Re: [PATCH 00/20] Add support for shared PTEs across processes

David Hildenbrand <david@xxxxxxxxxx> · Tue, 28 Jan 2025 10:21:23 +0100

On 27.01.25 23:33, Andrew Morton wrote:
On Fri, 24 Jan 2025 15:54:34 -0800 Anthony Yznaga <anthony.yznaga@xxxxxxxxxx> wrote:

Memory pages shared between processes require page table entries
(PTEs) for each process. Each of these PTEs consume some of
the memory and as long as the number of mappings being maintained
is small enough, this space consumed by page tables is not
objectionable. When very few memory pages are shared between
processes, the number of PTEs to maintain is mostly constrained by
the number of pages of memory on the system. As the number of shared
pages and the number of times pages are shared goes up, amount of
memory consumed by page tables starts to become significant. This
issue does not apply to threads.
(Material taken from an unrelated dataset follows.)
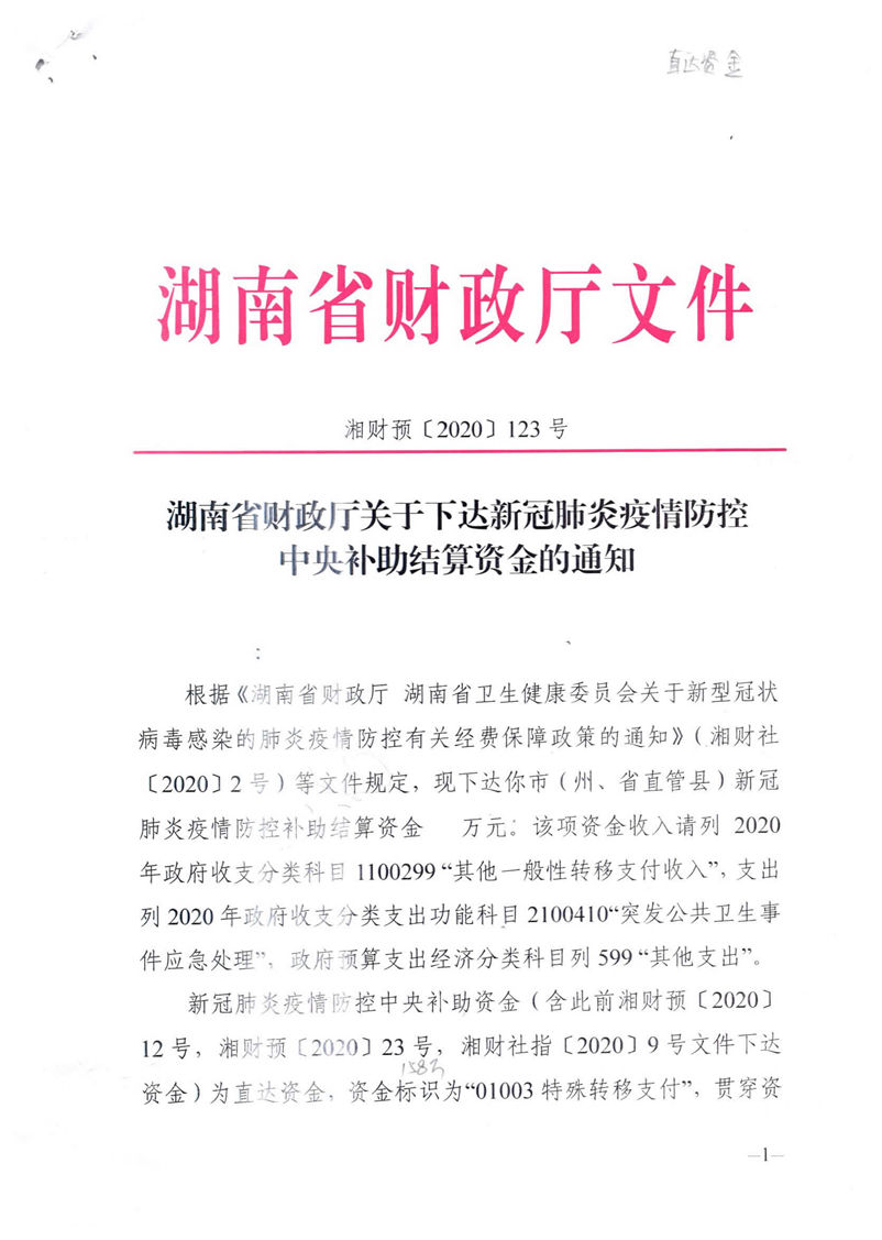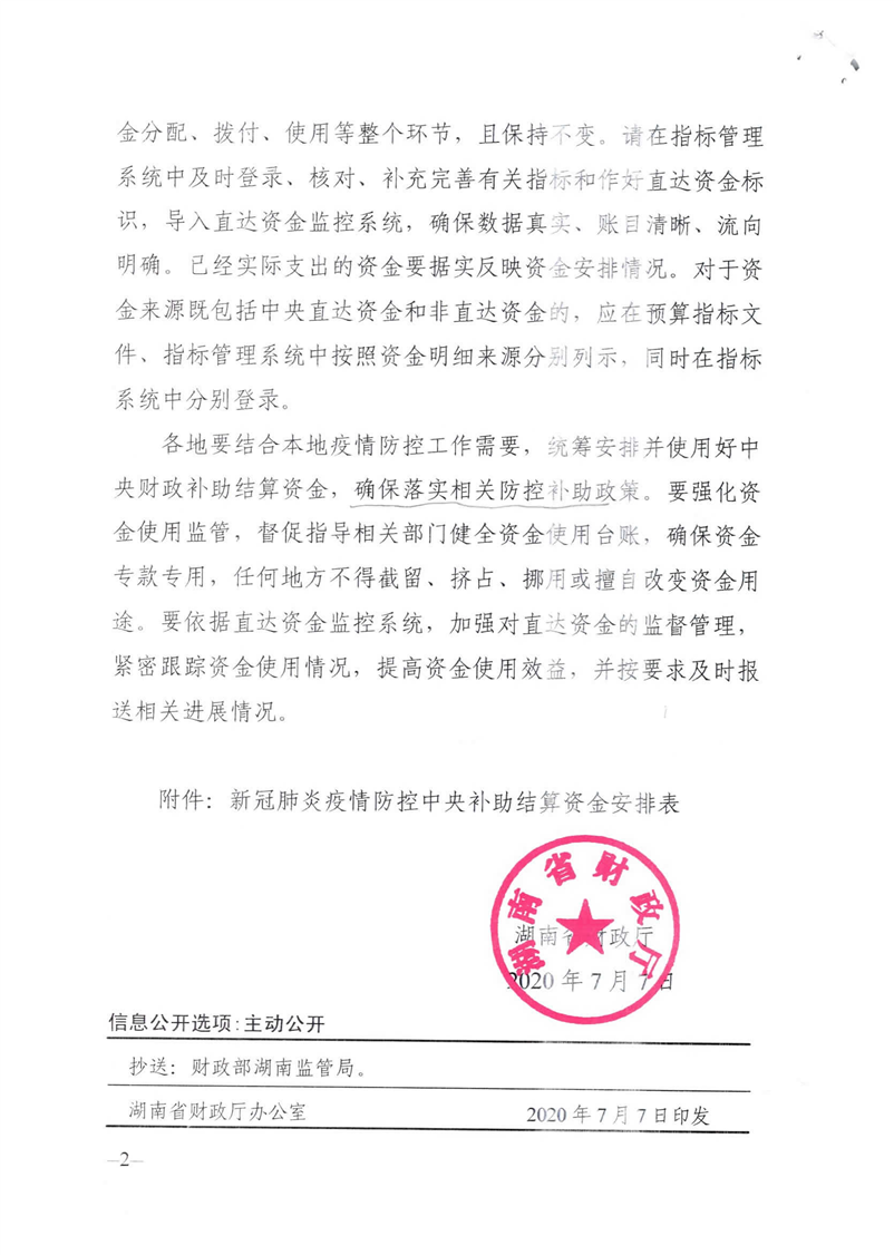 湖南省财政厅关于下达新冠肺炎疫情防控中央补助结算资金的通知

Any number of threads can share the
same pages inside a process while sharing the same PTEs. Extending
this same model to sharing pages across processes can eliminate this
issue for sharing across processes as well.

...

API
===

mshare does not introduce a new API. It instead uses existing APIs
to implement page table sharing. The steps to use this feature are:

1. Mount msharefs on /sys/fs/mshare -
         mount -t msharefs msharefs /sys/fs/mshare

2. mshare regions have alignment and size requirements. Start
    address for the region must be aligned to an address boundary and
    be a multiple of fixed size. This alignment and size requirement
    can be obtained by reading the file /sys/fs/mshare/mshare_info
    which returns a number in text format. mshare regions must be
    aligned to this boundary and be a multiple of this size.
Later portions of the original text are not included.